Friday, February 22, 2013

as an isolationist

The past 2 weeks was possibly one of those weeks where I had dreams every night of all sorts of strange events. I was jolted out of bed once in the morning at 6+ am by a vibration of my phone (silent mode) that was one metre away from me, and I normally wouldn't have noticed. I was woken up at 5+ am almost everyday because yaya was choking over her cough in her sleep. I met up with a network vendor today, the vendor asked why my namecard says applications, and said that nobody will know that I don't have any infra experience. Passed.

So I was just looking back at all the events and thinking about how different I am from others, prompted by a HR guy asking me what kind of education I went through to produce a someone like me (apparently word of mouth has spreaded that I have proven that any applications person without network/infra background can learn and pick up the knowledge easily), because he wants to hire more people like me, which was flattering, but at the same time means I have a higher market value. Hmph.

Background: I was assigned a new role 2 months ago, covering both application and infra (server and network) security, so it's like a third dimension to my work.

I also got hooked on a book, Susan Cain's Quiet, that really helps me understand myself better, and I will extract some content here:

Tom DeMarco, a principal of the Atlantic Systems Guild team of consultants... noticed that some workspaces were a lot more densely packed than others. He wondered what effect all that social interaction had on performance. To find out, De Marco and his colleague Timothy Lister devised a study called the Coding War Games. The purpose of the games was to identify the characteristics of the best and worst computer programmers; more than six hundred developers from ninety-two different companies participated. Each designed, coded, and tested a program, working in his normal office space during business hours. Each participant was also assigned a partner from the same company. The partners worked separately, however, without any communication, a feature of the games that turned out to be critical.

When the results came in, they revealed an enormous performance gap. The best outperformed the worst by a 10:1 ratio. The top performers were also about 2.5 times better than the media.

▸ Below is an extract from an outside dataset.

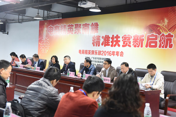 2016年12月1日,广东省对外贸易职业技术学校校长兼党委书记刘从兵及其校领导班子、广东省南雄市统战部部长林军、广东省教育厅扶贫组组长王春涛、以及电子商务精英俱乐部的各电商企业优秀人才齐聚南雄市电子商务公共服务中心的会议大厅,召开了南雄市黄坑镇黄坑村扶贫项目会议;本次2016年电子商务精英俱乐部年会也在随后召开,众多电商领军人士分享了农村电商发展的新思路,会议现场气氛活跃。

When DeMarco and Lister tried to figure out what accounted for this astonishing range, the factors that you'd think would matter - such as years of experience, salary, even the time spent completing the work - had little correlation to the outcome. Programmers with ten years' experience did no better than those with two years. The half who performed above the median earned less than 10% more than the half below - even though they were almost twice as good. The programers who turned in "zero-defect" work took slightly less, not more, time to complete the exercise than those who made mistakes.

It was a mystery with one intriguing clue: programers from the same companies performed at more or less the same level, even though they hadn't worked together. That's because top performers overwhelmingly worked for companies that gave their workers the most privacy, personal space, control over their physical environments, and freedom from interruption. 62% of the best performers said that their work space was acceptably private, compared to only 19% of the worst performers; 76% of the worst performers but only 38% of the top performers said that people often interrupted them needlessly.

So you know my secret - isolation.

Hint: When your interrupt-ers (irritating-like-hell-mates-or-users) are on leave, you will be able to perform better.